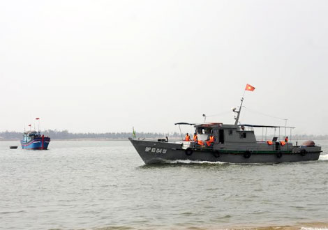 | Tàu cứu nạn - cứu hộ của Bộ đội biên phòng Phú Yên hướng dẫn tàu thuyền ngư dân vào cửa sông Đà Diễn neo đậu tránh bão. |
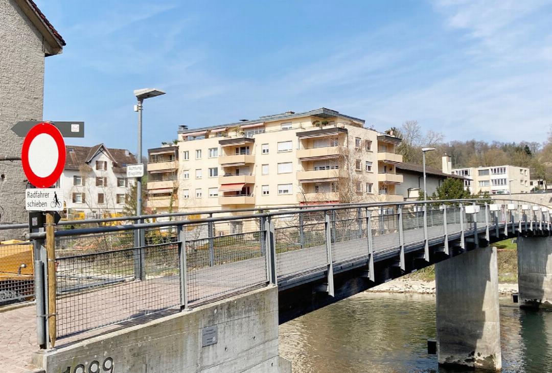 Das allgemeine Fahrverbot auf dem Städtlisteg über die Reuss ist umstritten. Einwendungen gingen bei der Stadt ein, darunter eine von Pro Velo Region Baden.
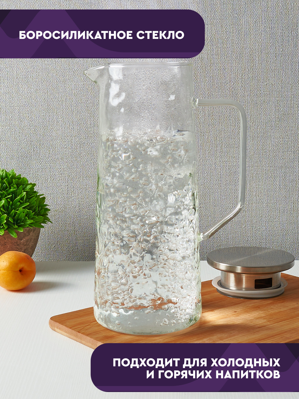 Стеклянный кувшин выполнен из жаропрочного боросиликатного стекла, устойчив к перепадам температур (-20°С ~400°С, тепловой удар 120°С), царапинам и помутнениям. Графин не впитывает запахи и сохраняет неизменным вкус и аромат напитков. Крышка кувшина выполнена из полипропилена, имеет силиконовый уплотнитель и фильтр из нержавеющей стали, который надежно блокирует ягоды, фрукты, лед и другие ингредиенты, помещённые в кувшин.
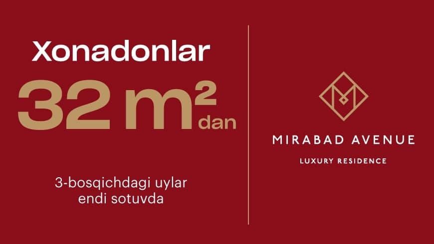 Mirabad Avenue: 32 m² va undan katta maydonli premium klassdagi apartamentlar 5 yil ichida o‘zini qoplaydi
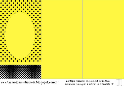 Moldura Convite e Cartão Poá Amarelo, Preto e Branco:
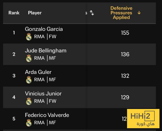 هاي كورة : بعد أول خمس مباريات لريال مدريد تحت قيادة ألونسو الحريص جدًا على الضغط العكسي خرجت لنا أرقام اللاعبين الأكثر ضغطًا على حامل الكرة أو بعباره اخري اللاعبين الأكثر جهدًا في الملعب من أجل استرداد الكره للفريق.
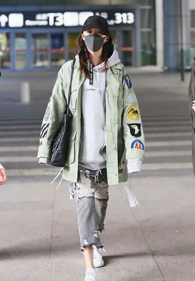 綠色的工裝服看起來特別的帥氣了,內搭的是一件白色的衛衣,特別的簡約的樣子了,下半身搭配了一條破洞的牛仔褲

• _Exercise requirements_:
Without the pictures, please reproduce each line of the listing above exactly, from the first one through the line bearing "Das allgemeine Fahrverbot".

• _Output below_:
 | Tàu cứu nạn - cứu hộ của Bộ đội biên phòng Phú Yên hướng dẫn tàu thuyền ngư dân vào cửa sông Đà Diễn neo đậu tránh bão. |
 Das allgemeine Fahrverbot auf dem Städtlisteg über die Reuss ist umstritten. Einwendungen gingen bei der Stadt ein, darunter eine von Pro Velo Region Baden.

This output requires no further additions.